As soon as Edwin van der Sar confirmed that he would be retiring at the end of last season, fears were raised that it`d take Sir Alex Ferguson time to find a replacement of the stature of the Dutchman.
Perhaps those fears were based on the calamity that befell United when Peter Schmeichel called it a day, a succession of keepers were recruited who bore no resemblance to the Great Dane when it came to his presence, composure and skills between the sticks.
It appeared to be a potential problem that Sir Alex was prepared to quash in its infancy. The signing of Anders Lindegaard, an international class stopper, signaled his intent not to be caught out twice.
But, Sir Alex wanted more than just the one top-class keeper, he wanted security between the posts and although United were heavily linked with a move for the German keeper, Manuel Nueur, after he produced a stirring performance against us in the Champions League, Sir Alex opted to spend big on the young Spaniard, David de Gea.
De Gea`s arrival was considered to be a bold move, albeit one that was fraught with danger. Would the young Spaniard, untried in the Premier League and its renowned physical element, be up to the task?
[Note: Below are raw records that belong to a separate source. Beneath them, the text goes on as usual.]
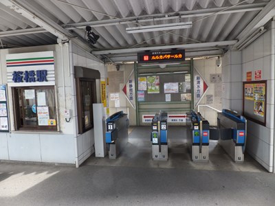 左写真を見るとこの駅の構造がよく分かる。右写真奥に見えるのが桜橋である。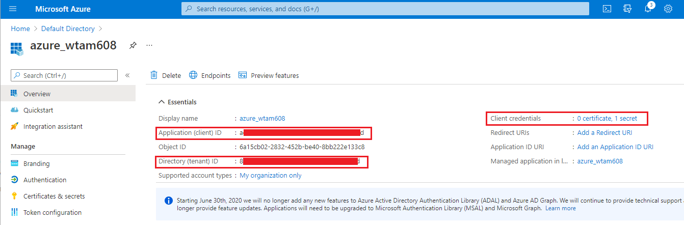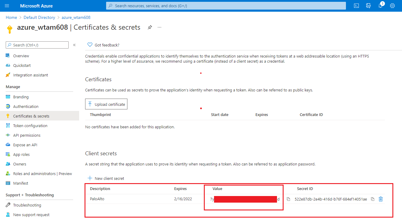 the Active Directory application (On the Azure portal, click HomeAzure Active DirectoryCertificates & secrets,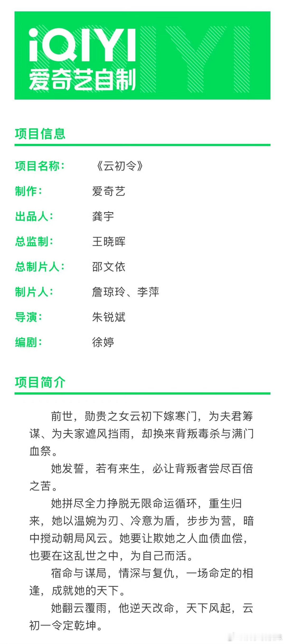 云初令导演朱锐斌 《云初令》导演朱锐斌宅斗权谋双在线🔥将门嫡女虞书欣饰云初 前世为夫家呕心沥血,却遭背叛毒杀、满门被灭。重生归来,她褪去“贤妻良母”伪装,化身“恶女”步步为营,既要让仇人血债血偿,也要护一族平安。期待值拉满了!!!!云初令单独官宣了虞书欣双轨空降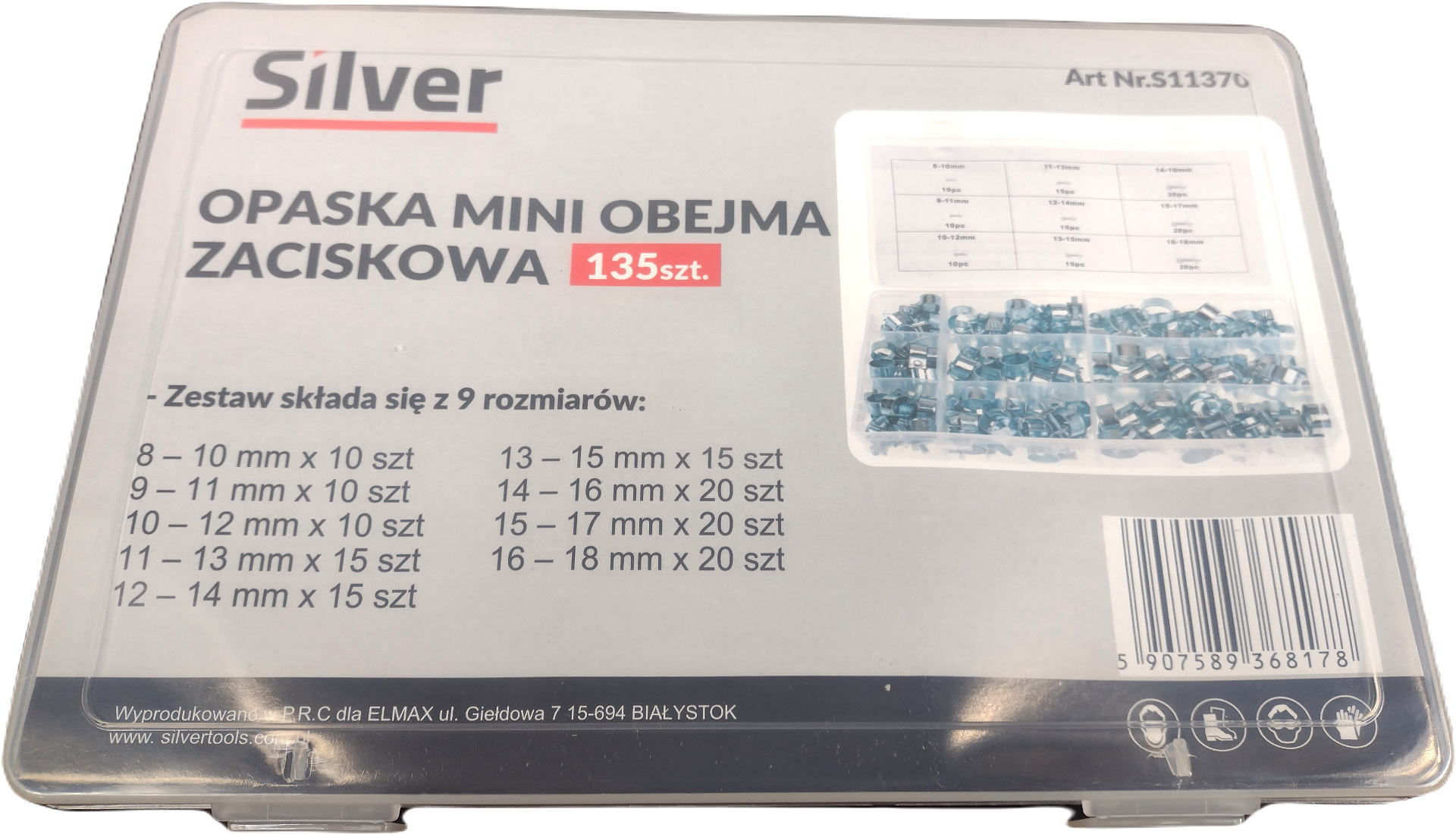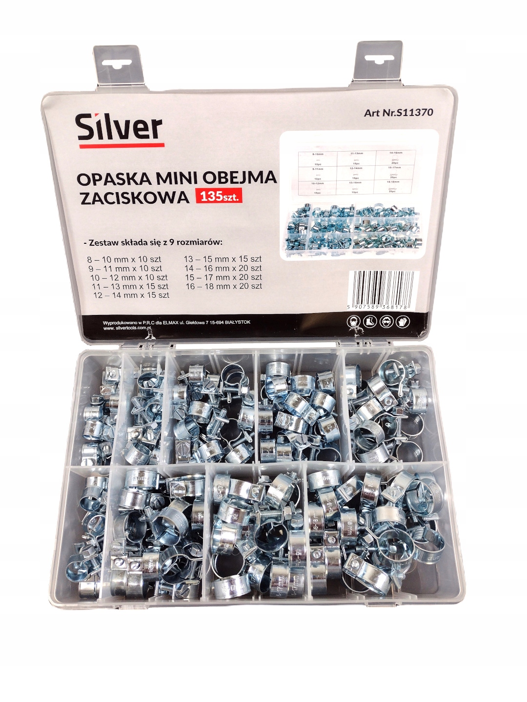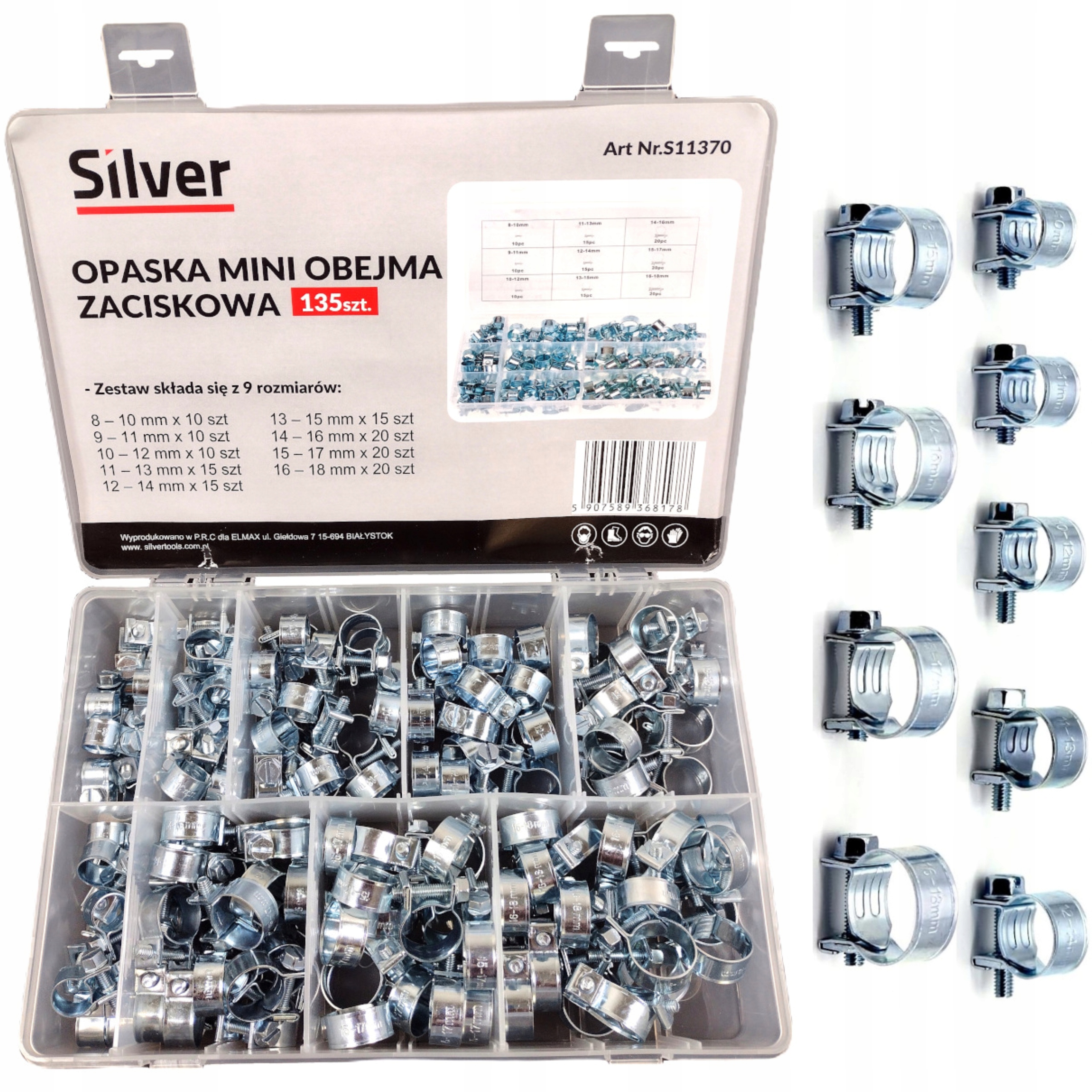 Професійний набір затискачів SilverTools - це набір з 135 елементів з широким діапазоном діаметрів - від 8 до 18 мм. Затискачі, виготовлені з високоякісної нержавіючої сталі, гарантують довговічність, стійкість до корозії та надійне, щільне з'єднання в будь-якій установці. Ідеально підходить для автомобільних, гідравлічних і пневматичних застосувань, а також для майстерень і технічних служб.

Sir Alex, having also purchased Lindegaard, had hedged his bets. He knew that if De Gea were to struggle to adapt he had a dependable keeper in reserve, also, with a plethora of games heading our way there was always going to be the opportunity to give both his new recruits ample time between the sticks.
De Gea, having cost what he did, started the season and was unfortunate to make a few errors, but credit to the Spaniard, and to Sir Alex, for persevering with him. Sir Alex has also used all his experience to take De Gea out of the firing line on some occasions, offering him a rest whilst also keeping Lindegaard active and match fit.
In recent weeks, De Gea has shown that those early errors have been eliminated. He may have shipped six against City but hand on heart can you say that he was at fault for any of them?
Already, in the space of a few short weeks De Gea has upped his game, any doubts about not being able to cope with the physical side have receded and his ability to offer a reassuring presence to the defence in front of him, allied with some great work between the sticks, has made him a favourite of the Old Trafford faithful.
Cleary there is already a bond developing between De Gea, Sir Alex and the coaching staff at Old Trafford with the Spaniard remarking recently,
“What I`ve learned since summer is more than most of my professional career.”
It`s a remarkably frank admission from somebody who, as a goalkeeper, relies so much on confidence.
We`re under no illusions that, as a goalkeeper, any errors are always going to be highly magnified, but after the problems we had replacing our last great keeper I don`t think we`ve done too badly since losing the excellent Edwin van der Sar. How about you?